Mesmo assim, a decisão só entrará em vigor na sexta-feira, às 9h30 (horário local), o que dá tempo para uma possível apelação, e o magistrado também ressaltou que suas conclusões "não têm impacto sobre os esforços para expulsar (Jalil) por motivos que não sejam a decisão do Secretário de Estado, Marco Rubio", segundo a CBS.

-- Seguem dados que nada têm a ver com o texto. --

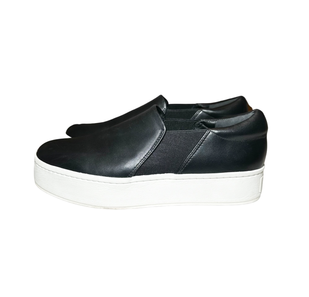 Vince Women’s Warren Black Leather Slip On Platform Sneakers Size 38.5/8
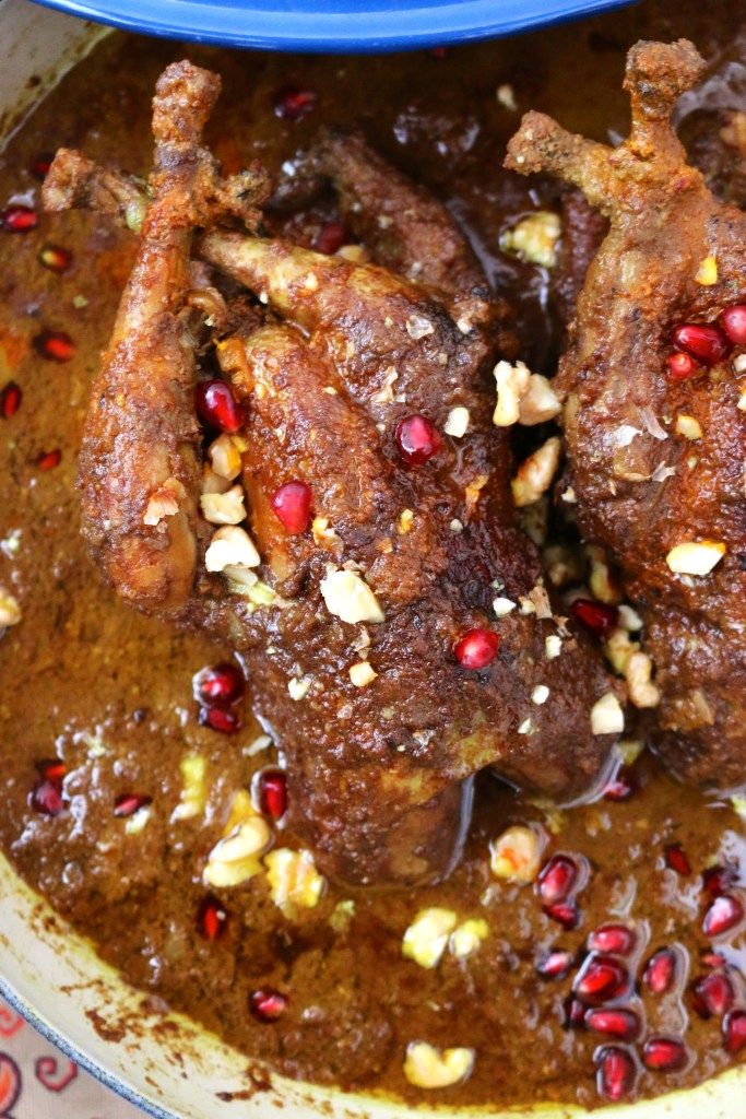 زمانی که مرغها کاملا پخته شدند و سس خورش غلیظ شد؛ خورش آمادهست. خورش را با دانههای انار تزئین کرده و همراه با برنج یا نان سرو کنید.

A advogada de Jalil, Amy Greer, saudou a confirmação do juiz de que "a decisão de Rubio é inconstitucional". "O governo dos EUA não pode deter pessoas por suas atividades de defesa política protegidas. Hoje foi o primeiro passo em direção à justiça, mas não vamos parar de lutar até que Mahmud esteja em casa com sua esposa e filho", disse ela em um comunicado divulgado pela American Civil Liberties Union (ACLU).

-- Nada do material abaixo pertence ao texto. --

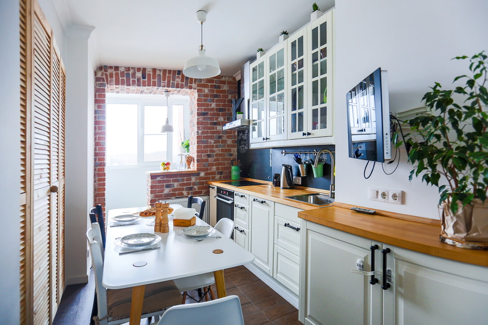 Example: a small sofa and a couple of armchairs instead of a large corner, a dining table with separate chairs instead of a massive kitchen corner. The only exception is the bed. In a couple's room, it certainly needs to be solid.
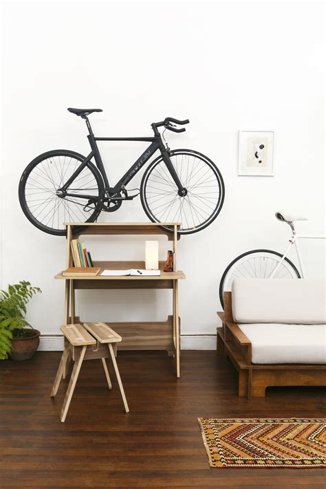 DE5K soluciona tu espacio e inspira tus ideas. Es un mobiliario de fácil y entretenido armado, pensado para incorporar tu bicicleta de manera firme a tu espacio de trabajo o vida cotidiana. Se encuentra disponible en pino contrachapado, con acabado natural y colores a elección.
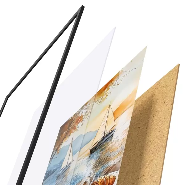 Le poster se compose d'un cadre, d'un plexiglas, d'une image imprimée et d'un support en aggloméré. Le poster peut être immédiatement accroché au mur grâce aux fixations au dos.
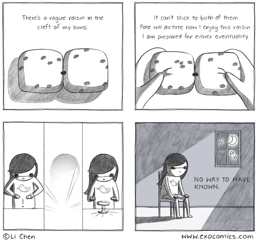 I was kinda expecting a fork of time and two alternate realities where the raisin ends up on one and the other buns.
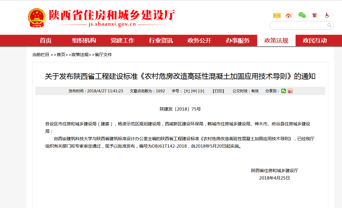 陜西省住房和城鄉(xiāng)建設(shè)廳緊跟新時期發(fā)展步伐,結(jié)合陜西農(nóng)村危房改造的實際情況,于4月8日下午召開“陜西省工程建設(shè)標準《農(nóng)村危房改造高延性混凝土加固應(yīng)用技術(shù)導(dǎo)則》(送審稿)審查會”。西安建筑科技大學(xué)“高延性混凝土材料與結(jié)構(gòu)研究所”所長——鄧明科教授代表編制組詳細介紹了《導(dǎo)則》的編制意義和主要內(nèi)容。參與評議的審查專家分別來自:陜西省建筑標準設(shè)計辦公室、長安大學(xué)、中國建筑西北設(shè)計研究院、陜西省建筑設(shè)計研究院、陜西省建筑科學(xué)研究院、西安市建筑設(shè)計研究院、中聯(lián)西北工程設(shè)計研究院、陜西建工集團,經(jīng)過認真激烈的研討與審查,《導(dǎo)則》最終獲得全體評審專家的一致通過,是全國首個響應(yīng)實施住建部《農(nóng)村危房改造基本安全技術(shù)導(dǎo)則》要求的地方安全技術(shù)導(dǎo)則。
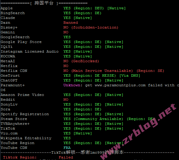 更详细的流媒体解锁情况(来自融合怪脚本):
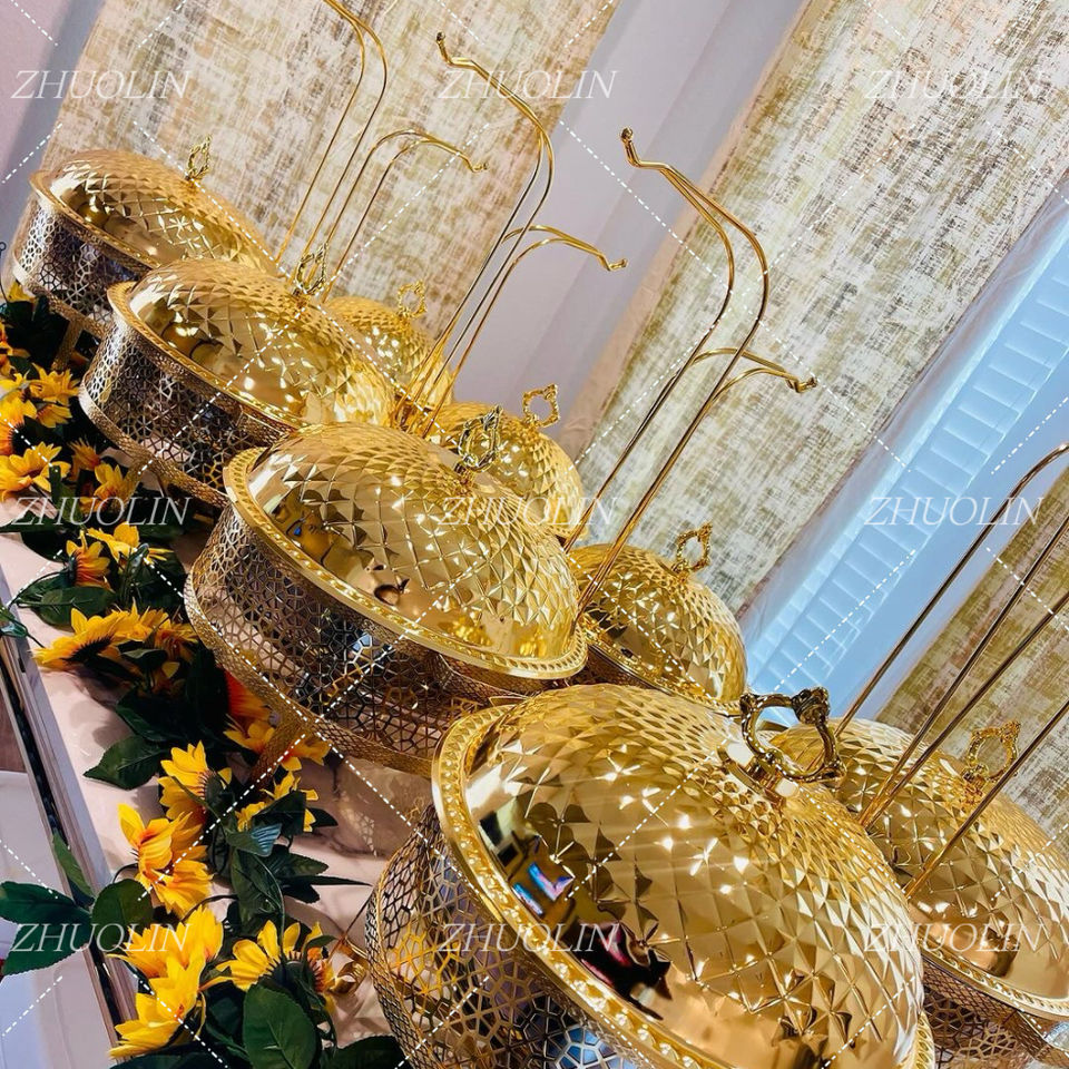 Chauffe-plats de buffet de luxe doré rond pour cuisine professionnelle, table de cuisson, réchauffeur d'aliments pour œufs, plats de présentation pour traiteur

Por sua vez, a esposa do ativista, Nur Abdala, recebeu a notícia pelo mesmo meio e denunciou que "a verdadeira justiça significaria que Mahmud nunca teria sido tirado de nós, que nenhum pai palestino, de Nova York a Gaza, teria que suportar a dolorosa separação dos muros da prisão, como aconteceu com Mahmud". "Não descansarei até que Mahmud esteja livre, e espero que ele possa estar conosco para comemorar seu primeiro Dia dos Pais em casa, em Nova York, com Deen (seu filho) nos braços", acrescentou.
Jalil havia sido detido pelo Departamento de Imigração e Alfândega (ICE) por supostamente "liderar atividades alinhadas" com o Movimento de Resistência Islâmica (Hamas), que é designado como uma organização terrorista nos EUA, informou o Departamento de Segurança Interna em março. A medida foi "em apoio às ordens executivas do presidente Donald Trump" que "proíbem o antissemitismo".